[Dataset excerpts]
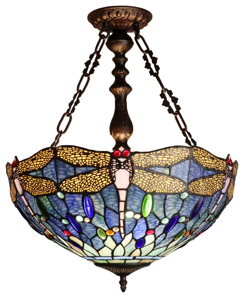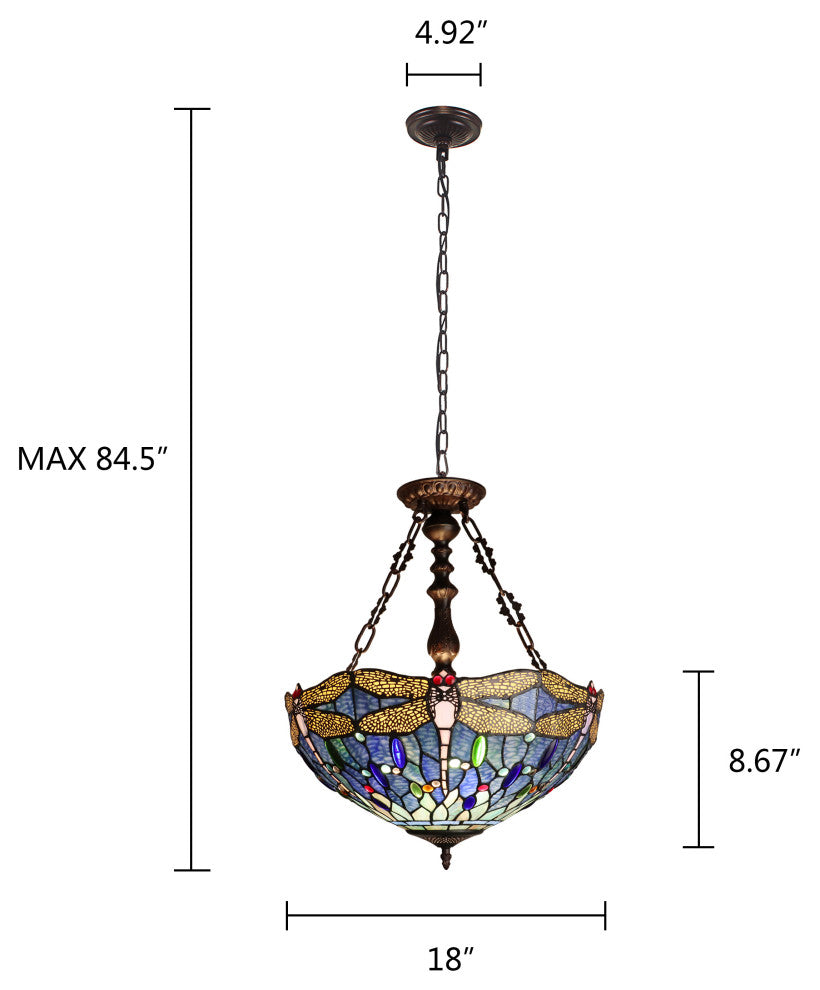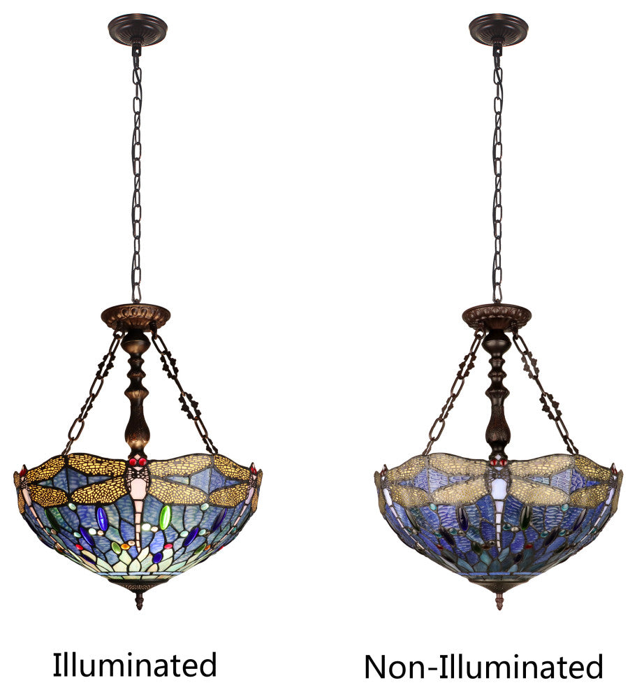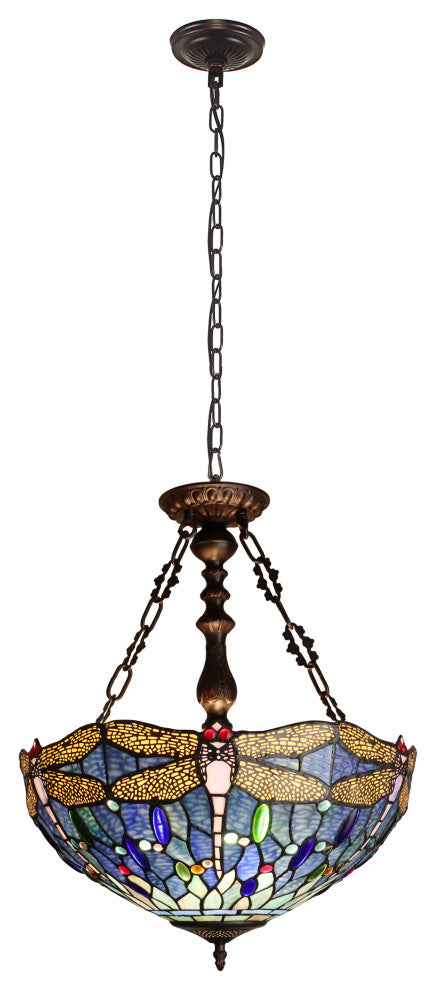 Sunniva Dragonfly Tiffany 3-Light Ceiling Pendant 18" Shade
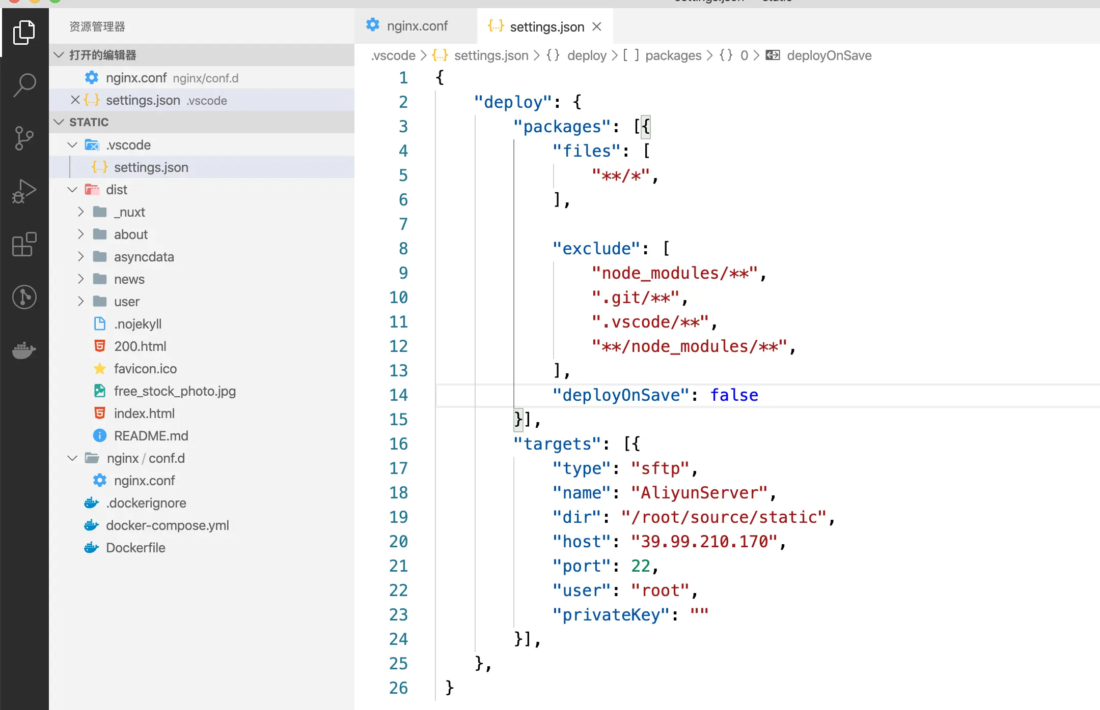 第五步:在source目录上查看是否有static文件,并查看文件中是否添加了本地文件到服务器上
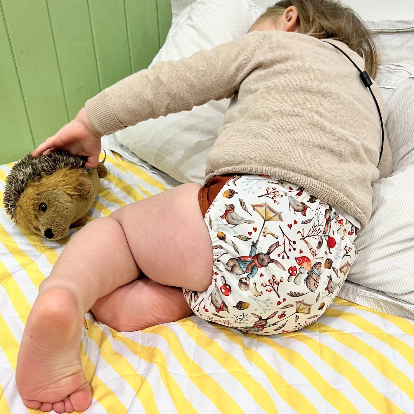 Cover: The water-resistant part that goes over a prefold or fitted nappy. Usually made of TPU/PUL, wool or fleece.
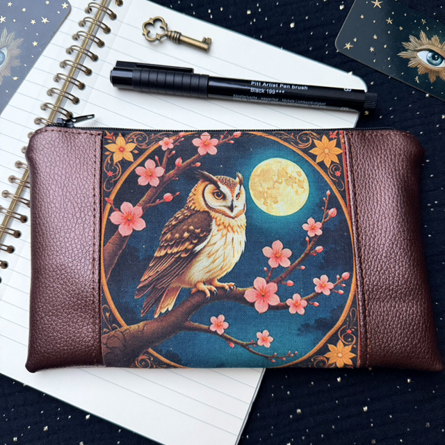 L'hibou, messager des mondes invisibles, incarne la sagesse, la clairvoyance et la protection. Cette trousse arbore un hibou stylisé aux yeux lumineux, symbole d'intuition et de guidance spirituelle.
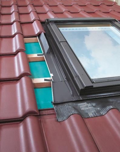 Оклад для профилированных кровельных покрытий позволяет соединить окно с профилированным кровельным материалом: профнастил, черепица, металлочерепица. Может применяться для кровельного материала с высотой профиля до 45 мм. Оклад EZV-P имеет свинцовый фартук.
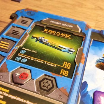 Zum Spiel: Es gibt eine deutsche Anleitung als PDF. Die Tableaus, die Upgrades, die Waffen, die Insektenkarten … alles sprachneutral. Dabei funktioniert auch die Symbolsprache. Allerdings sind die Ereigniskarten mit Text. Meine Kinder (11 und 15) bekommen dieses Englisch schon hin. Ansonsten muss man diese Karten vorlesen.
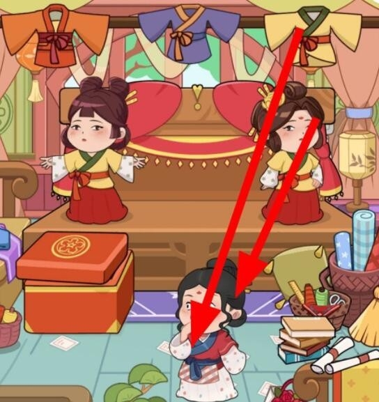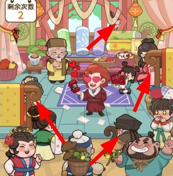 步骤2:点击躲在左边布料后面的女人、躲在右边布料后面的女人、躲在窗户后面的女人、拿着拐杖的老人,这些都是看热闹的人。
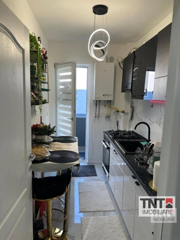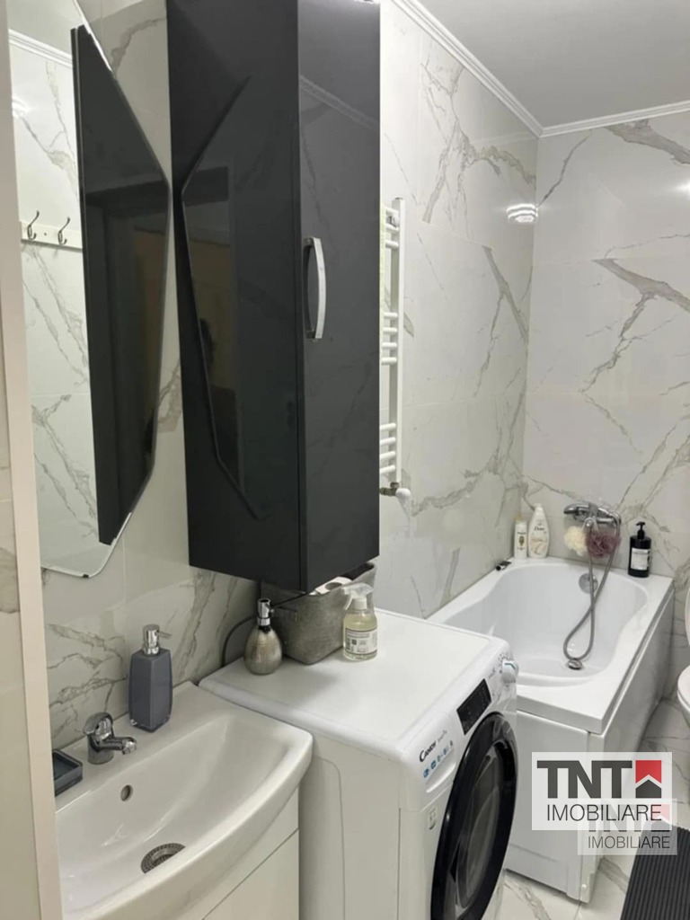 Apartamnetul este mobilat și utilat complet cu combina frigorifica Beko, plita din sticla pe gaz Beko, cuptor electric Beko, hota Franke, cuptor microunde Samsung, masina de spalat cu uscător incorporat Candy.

Instructions for the task ::
Output the data exactly. Leave every picture out.

Answer for this exercise ::
 Sunniva Dragonfly Tiffany 3-Light Ceiling Pendant 18" Shade
 第五步:在source目录上查看是否有static文件,并查看文件中是否添加了本地文件到服务器上
 Cover: The water-resistant part that goes over a prefold or fitted nappy. Usually made of TPU/PUL, wool or fleece.
 L'hibou, messager des mondes invisibles, incarne la sagesse, la clairvoyance et la protection. Cette trousse arbore un hibou stylisé aux yeux lumineux, symbole d'intuition et de guidance spirituelle.
 Оклад для профилированных кровельных покрытий позволяет соединить окно с профилированным кровельным материалом: профнастил, черепица, металлочерепица. Может применяться для кровельного материала с высотой профиля до 45 мм. Оклад EZV-P имеет свинцовый фартук.
 Zum Spiel: Es gibt eine deutsche Anleitung als PDF. Die Tableaus, die Upgrades, die Waffen, die Insektenkarten … alles sprachneutral. Dabei funktioniert auch die Symbolsprache. Allerdings sind die Ereigniskarten mit Text. Meine Kinder (11 und 15) bekommen dieses Englisch schon hin. Ansonsten muss man diese Karten vorlesen.
 步骤2:点击躲在左边布料后面的女人、躲在右边布料后面的女人、躲在窗户后面的女人、拿着拐杖的老人,这些都是看热闹的人。
 Apartamnetul este mobilat și utilat complet cu combina frigorifica Beko, plita din sticla pe gaz Beko, cuptor electric Beko, hota Franke, cuptor microunde Samsung, masina de spalat cu uscător incorporat Candy.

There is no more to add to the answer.